Widesweeping historical fiction

Many years ago when I was a teenager and exploring the delights of the library and the variety of reading it had to offer me I found a series of books by Hugh Walpole. They were thick novels but that didn’t worry me in those days and I had heard nothing about them – in fact, I don’t think that I have ever seen them mentioned in the blogs and websites I read about books. Recently I found all four books for sale at a ludicrous price in a charity shop in Dewsbury and thought that I might like to reread them to see what I thought over forty years after my first reading. Rogue Herries is the first novel in the set and it is a family saga starting in the eighteenth century and going on until the twentieth – the child born on the last page of this first novel dies on the very first page of the final novel, having lived to a very old age.

The story focusses on Francis Herries. He is a man of uneven temper and random cruelty who comes with his wife, his two daughters, his son and his mistress to live in the Lake District (near to Keswick) just before the time of the Jacobite Uprising. The story is told in a series of episodes as the family connect with other relatives there, are involved with a woman condemned as a witch, are trapped in Carlisle as war breaks out and Francis sells his mistress at a local fair. We mainly follow Francis and his son and their relationship during the book.

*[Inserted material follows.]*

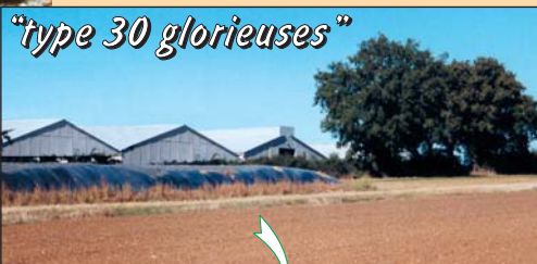
"type 30 glorieuses"
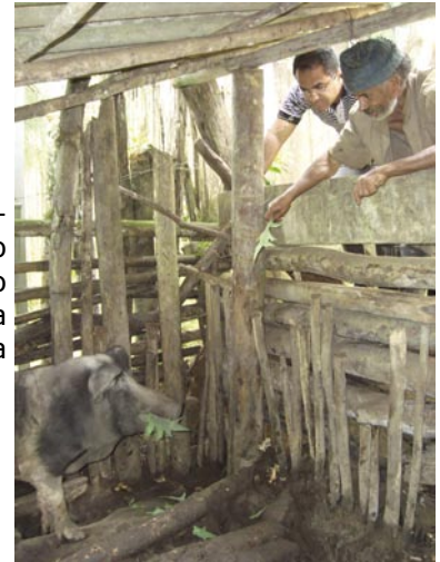
Visita ao eremita que vive no alto do morro da Estrada da Limeira

The author paints a picture of the region as cut off from the rest of England and very superstitious, although there are some unexplained events in the book which may or may not be true. He assumes that travellers (gypsies) have supernatural knowledge and that colours the relationship of the family and of the local people with them. Francis is never satisfied with what he has and always wants something else. The family live in a large house which is mostly derelict and fail to make a living at farming.

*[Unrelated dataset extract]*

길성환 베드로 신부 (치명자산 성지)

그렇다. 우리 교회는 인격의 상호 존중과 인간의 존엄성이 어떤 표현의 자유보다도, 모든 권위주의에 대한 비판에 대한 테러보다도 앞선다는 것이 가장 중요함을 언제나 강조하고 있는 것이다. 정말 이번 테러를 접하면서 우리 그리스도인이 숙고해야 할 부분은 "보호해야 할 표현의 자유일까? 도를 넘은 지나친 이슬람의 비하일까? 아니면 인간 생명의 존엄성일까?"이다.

This is an entertaining book and Francis is an interesting main character, although by no means a sympathetic one. I’m not completely convinced that all the social and cultural history is accurate but the author certainly knew his landscape and as the area is reasonably familiar to me that enhanced my enjoyment of the story. I shall definitely go on to read the other three books and see what the author does with this dysfunctional, shabby but proud family next.